### What is being asked
Print the listing as it stands, omitting all images.

### Supplied data
____________

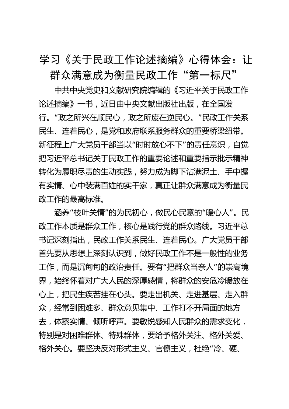 學習《關(guān)于民政工作論述摘編》心得體會:讓群眾滿意成為衡量民政工作“第一標尺”
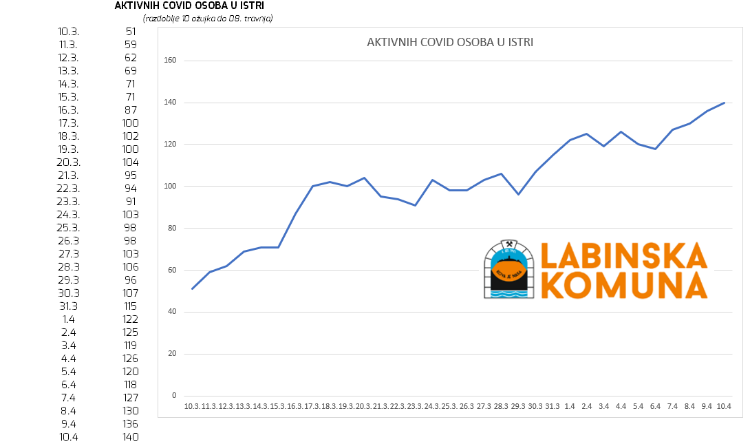 U mjerama samoizolacije nalazi se 1557 osoba. U Općoj bolnici Pula, na Odjelu za infektologiju, na liječenju je 69 osoba, a od toga se 8 osoba se nalazi u respiracijskom centru. Nažalost, u Općoj bolnici Pula preminule su tri COVID-19 pozitivne osobe (1924., 1944. i 1946. godište) s pridruženim kroničnim bolestima.
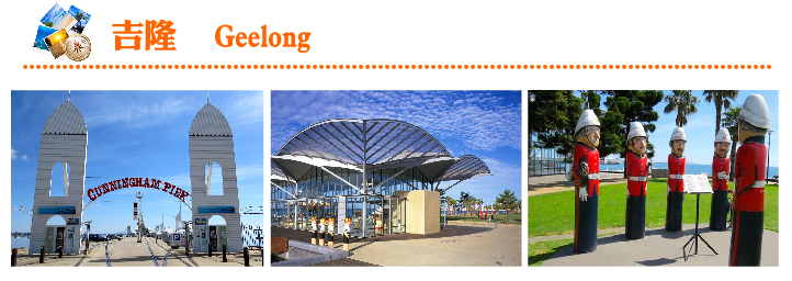 《吉隆Geelong》吉隆背山面海,是墨爾本市郊最大的城市,也是維多利亞州的第二大城,昔日為運送羊毛及小麥到歐洲的主要港口,隨著大郵輪及貨運船的北移,商業活動停滯,卻發展為美食、休閒、玩樂為主的藍海城市,繁華依舊!吉隆的路邊隨處可見許多「木偶樁」,原本為繫船而用,但在地人將平凡的木樁,透過巧手彩繪,成了一尊尊的可愛木偶,像是救生員、觀光客、比基尼女郎、衛兵等等,每一個都非常有特色,也是拍照的絕佳地點。而這樣兼具環保及藝術的概念,讓這座海港活潑了起來,並且也為大洋路這段驚奇的海岸線,揭開了美麗的序曲!
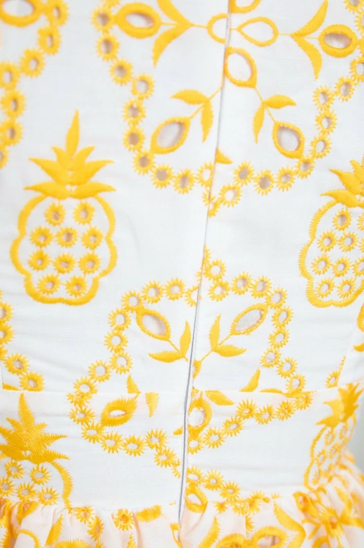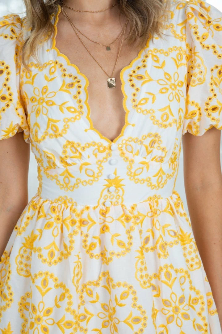 Our Pania Dress comes in a white base with yellow embroidered prints. This features an artistic sweetheart neckline, short puff sleeves, and gathered fabric under the bust and from the waist down. This feminine mini is beautifully vibrant and wears like a fantasy!

____________

### Solution for this task
 學習《關(guān)于民政工作論述摘編》心得體會:讓群眾滿意成為衡量民政工作“第一標尺”
 U mjerama samoizolacije nalazi se 1557 osoba. U Općoj bolnici Pula, na Odjelu za infektologiju, na liječenju je 69 osoba, a od toga se 8 osoba se nalazi u respiracijskom centru. Nažalost, u Općoj bolnici Pula preminule su tri COVID-19 pozitivne osobe (1924., 1944. i 1946. godište) s pridruženim kroničnim bolestima.
 《吉隆Geelong》吉隆背山面海,是墨爾本市郊最大的城市,也是維多利亞州的第二大城,昔日為運送羊毛及小麥到歐洲的主要港口,隨著大郵輪及貨運船的北移,商業活動停滯,卻發展為美食、休閒、玩樂為主的藍海城市,繁華依舊!吉隆的路邊隨處可見許多「木偶樁」,原本為繫船而用,但在地人將平凡的木樁,透過巧手彩繪,成了一尊尊的可愛木偶,像是救生員、觀光客、比基尼女郎、衛兵等等,每一個都非常有特色,也是拍照的絕佳地點。而這樣兼具環保及藝術的概念,讓這座海港活潑了起來,並且也為大洋路這段驚奇的海岸線,揭開了美麗的序曲!
 Our Pania Dress comes in a white base with yellow embroidered prints. This features an artistic sweetheart neckline, short puff sleeves, and gathered fabric under the bust and from the waist down. This feminine mini is beautifully vibrant and wears like a fantasy!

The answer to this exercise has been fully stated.